Halkbank, reel sektöre sunduğu finansal destekle kredilerinin toplam aktifler içindeki payını artırmayı 2009'un ikinci çeyreğinde de sürdürdü. Halkbank kredilerinin, toplam aktifler içindeki payı Haziran sonu itibariyle %51,2'ye yükseldi. Kredilerdeki büyümesi dikkat çeken Halkbank'ın ticari kredilerdeki artış oranı % 11, bireysel kredilerdeki artış oranı ise %7,6 olarak gerçekleşti. Mevduatın krediye dönüşüm oranında da istikrarlı bir artış izleyen Halkbank, 2008 yılsonunda % 64,2 olan dönüşüm oranını
Haziran sonu itibariyle % 69,6'ya yükseltti.

2008 yılsonunda %37,6 olan maliyet/gelir rasyosunu yılın ilk yarısında %30,9'a düşürmeyi başaran Halkbank'ın bu dönemdeki özkaynak karlılığı ise %34,6 olarak gerçekleşti.

Halkbank'ın 2009 yılı ilk altı aylık performansını değerlendiren Aydın, şunları söyledi:

"2009'un ilk altı ayında hedeflediğimiz oranda kredi büyümesi kaydeden Bankamızın kredi hacmi artışında KOBİ'lere kullandırılan kredileri de içeren ticari krediler ile bireysel krediler başı çekti. Kredi hacmimizdeki artış pazar payımıza 68 bp'lik büyüme olarak yansıdı. Böylece kredilerdeki pazar payımız %7,39'a yükseldi. Ulusal ve uluslararası ölçekte imzaladığımız kredi protokolleriyle 2009'un ilk yarısında da Üreten Türkiye için yeni finansal kaynaklar yaratmaya ve 71 yıllık KOBİ bankacılığı
misyonumuzu ileri taşımaya devam ettik."

"Bankamız reel sektöre daha fazla kaynak aktarma gayreti içerisindedir"

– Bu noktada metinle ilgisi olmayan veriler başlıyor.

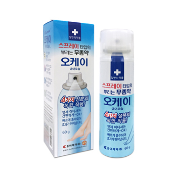 오케이에어로솔은 연고 및 크림 형태의 환부에 직접 바르는 무좀치료제의 사용시 불편함을 개선한 신개념 제품으로 양말이나 스타킹 위, 신발 안에 직접 분사 하여도 되는 이상적인 무좀치료제다.
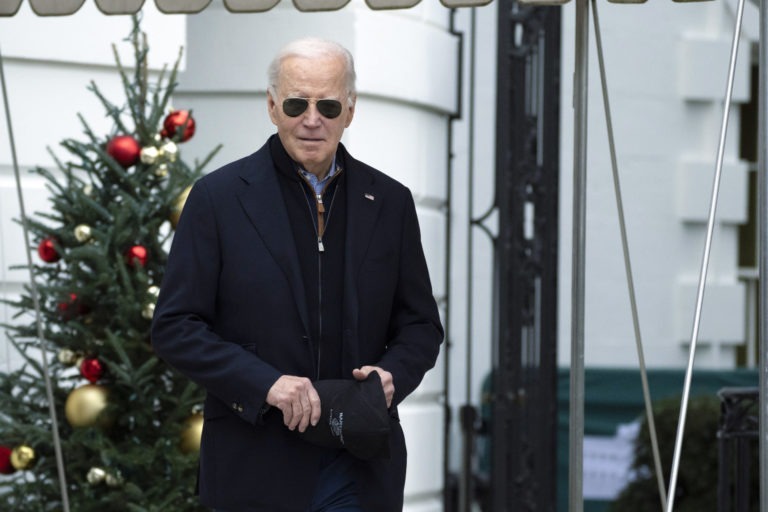 President Joe Biden walks towards the members of the media as he leaves the White House to spend the Christmas holiday with his family at Camp David presidential retreat, near Thurmont. Foto: SITA/AP.
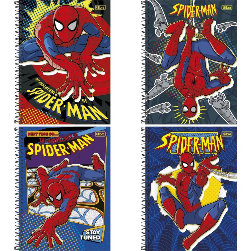 caderno 10x1, caderno Spider-Man, caderno capa dura, caderno 160 folhas, caderno escolar, caderno decorado, caderno com adesivos, caderno com espiral colorido, caderno para 10 matérias, caderno de super-herói, caderno TK Shopping, caderno com bolsa de papel, caderno divertido, caderno com capa metalizada, caderno para estudantes.
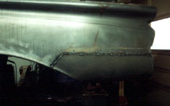 With the repair panel temporarily screwed in place I was able to make cardboard templates to aid in the fabrication of new lower extension pieces. Here you can see them mig welded in place.
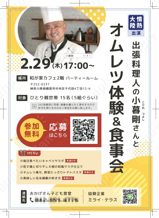 情熱大陸にも出演した出張料理人の小暮剛さんにお料理を作ってもらい、保護者のねぎらい、子どものオムレツ体験をしたいと企画しています。」
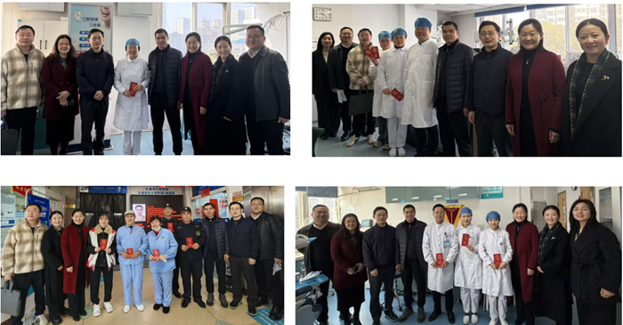 副院长曹颖、总会计师程进松、正处级组织员谢宜鹏等院领导携部分职能科室走访慰问了政务区、滨湖、包河区、庐阳区、望湖城等门诊部,为大家送上了新春慰问红包,表达对职工及其家人的美好祝愿。
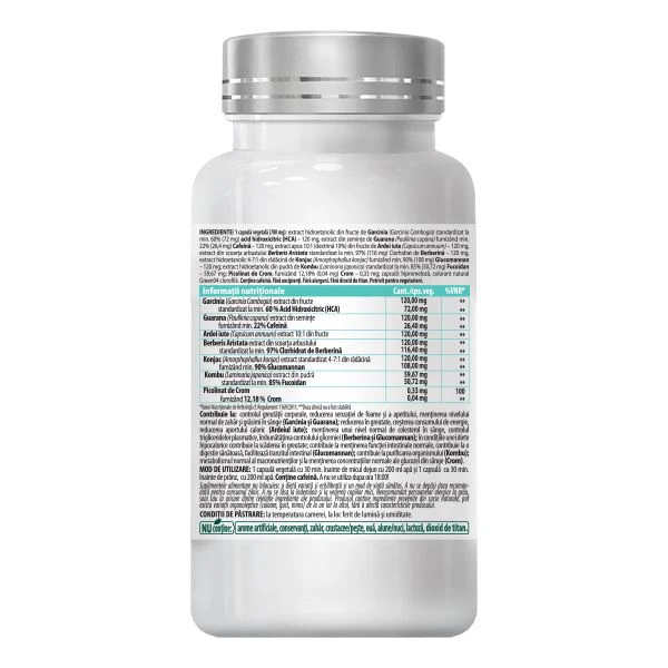Berberina si Picolinatul de Crom susțin metabolismul si mențin nivelurile de zahar din sange in limite normale.
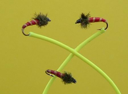 Typus C Traun Haken Nr. 14, 13, 12 Körper aus roter Seide, gelbgeringelt. Beschwerung mit ganz dünnen Kupferdraht. |
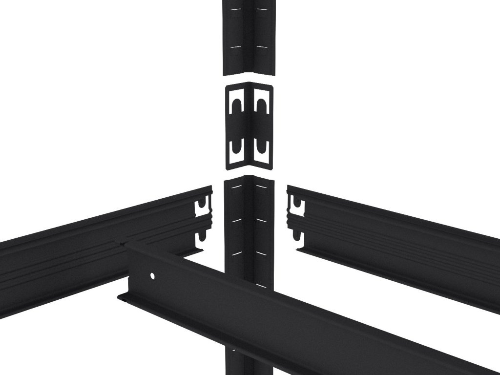 Bezšroubový regál s pozinkovanými plechovými policemi, které jsou odolné, omyvatelné a vhodné i do vlhkého prostředí jako jsou sklepy, garáže nebo skleníky. Unikátní bezšroubový systém zaručuje rychlou montáž a vysokou stabilitu. Police jsou navíc chytře zapuštěny do nosníků, čímž vzniká praktický 4mm okraj, který brání vypadnutí uložených předmětů.
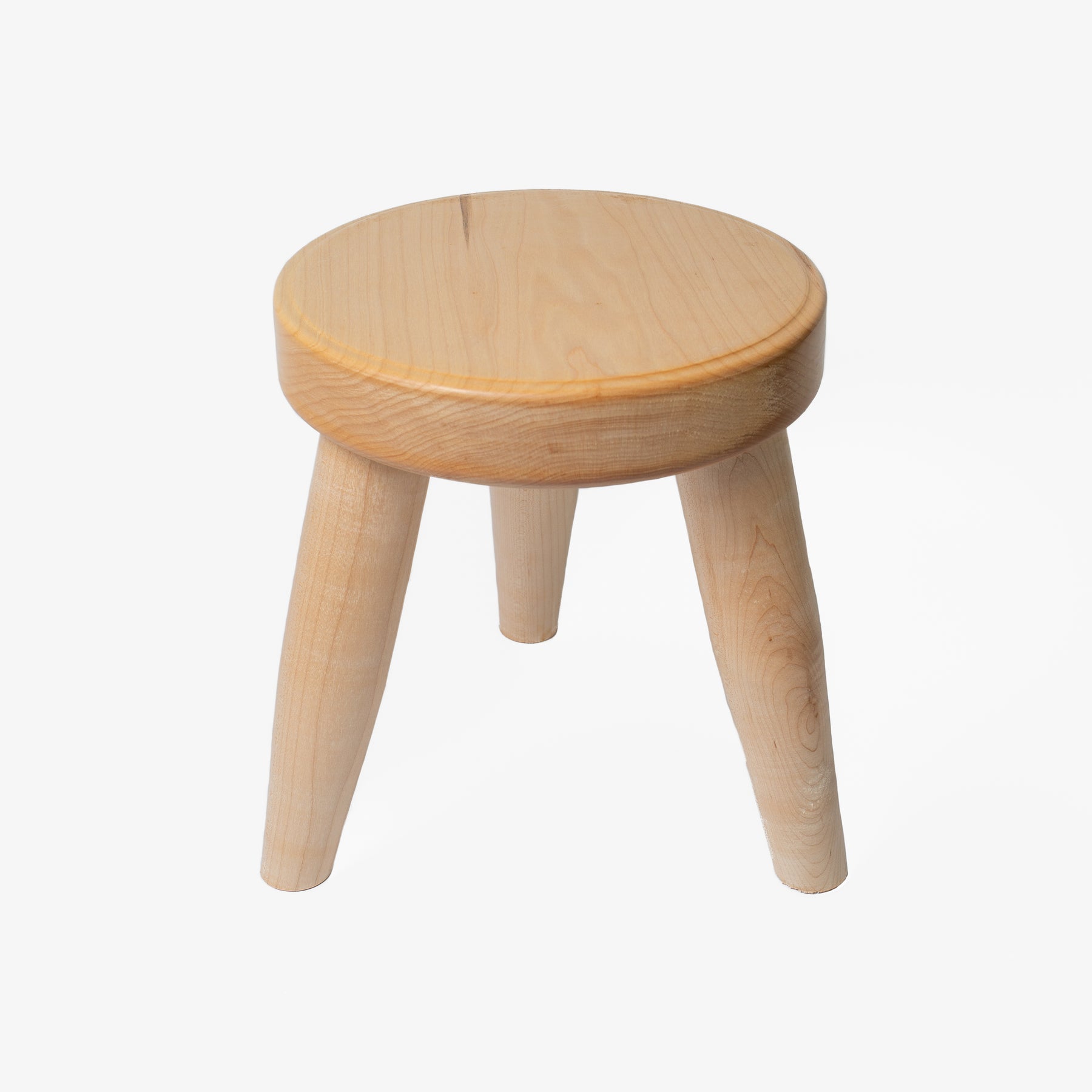 A classic, hand-crafted three-legged stool made from solid hard maple. Each piece is thoughtfully finished with buffed carnauba wax, highlighting the natural beauty of the wood. Perfectly sized for little ones or as a charming stand for a favorite plant, this piece brings both function and warmth to your home.

Halkbank'ın reel sektöre katkılarını da değerlendiren Hüseyin Aydın, şunları söyledi:

"Reel sektör için katma değer yaratmak ve sektörü canlı tutabilmek için var gücüyle çalışan Bankamız, bugüne kadar yabancı finans kuruluşlarıyla yaptığı işbirliklerinden sağladığı kaynakları KOBİ'lere kredi olarak kullandırmada gösterdiği başarı sayesinde Avrupa Yatırım Bankası ile 300 milyon Euro'luk yeni bir protokol imzaladı.

Halkbank, aynı zamanda, bölgesel ekonomik kalkınma ve sosyal gelişmeye katkı sunmak amacıyla kalkınma ajansları ile işbirliğine giden ilk banka oldu. Sırasıyla Çukurova Kalkınma Ajansı ve İzmir Kalkınma Ajansı ile imzaladığımız anlaşmalar çerçevesinde, ajansların Mali Destek Programı'na başvuran ve hibe fonlarından yararlanmaya hak kazanan projelerin sahiplerine Bankamızın "Kalkınma Ajansı Eş Finansman Kredisi"nden kullanma fırsatı sunduk. Bankamızın, bölgesel kalkınma ajansları ile işbirliği önümüzdeki dönemde de yeni protokollerle devam edecek."

Halkbank'ın, "Borç Yapılandırma Programı" ile çeşitli nedenlerle borcunu ödeyemeyerek borçları takip hesaplarına alınmış müşterileri için de bütün imkânlarını seferber ettiğini ifade eden Aydın, "Borçları takip hesaplarına aktarılan firmalar ve bireysel müşterilere yönelik başlattığımız kampanya kapsamında, müşterilerimize borçlarını 60 ay vade ile güncel faiz oranı üzerinden yapılandırma fırsatı sunduk. Bankamız, bu program ile gerek global finansal kriz gerekse faaliyet gösterdiği sektörün özgün
koşulları nedeniyle ödeyemediği kredi borcunun sıkıntısını yaşayan işletmelerin yeniden ekonomiye kazandırılmasında katkı sağladı" dedi.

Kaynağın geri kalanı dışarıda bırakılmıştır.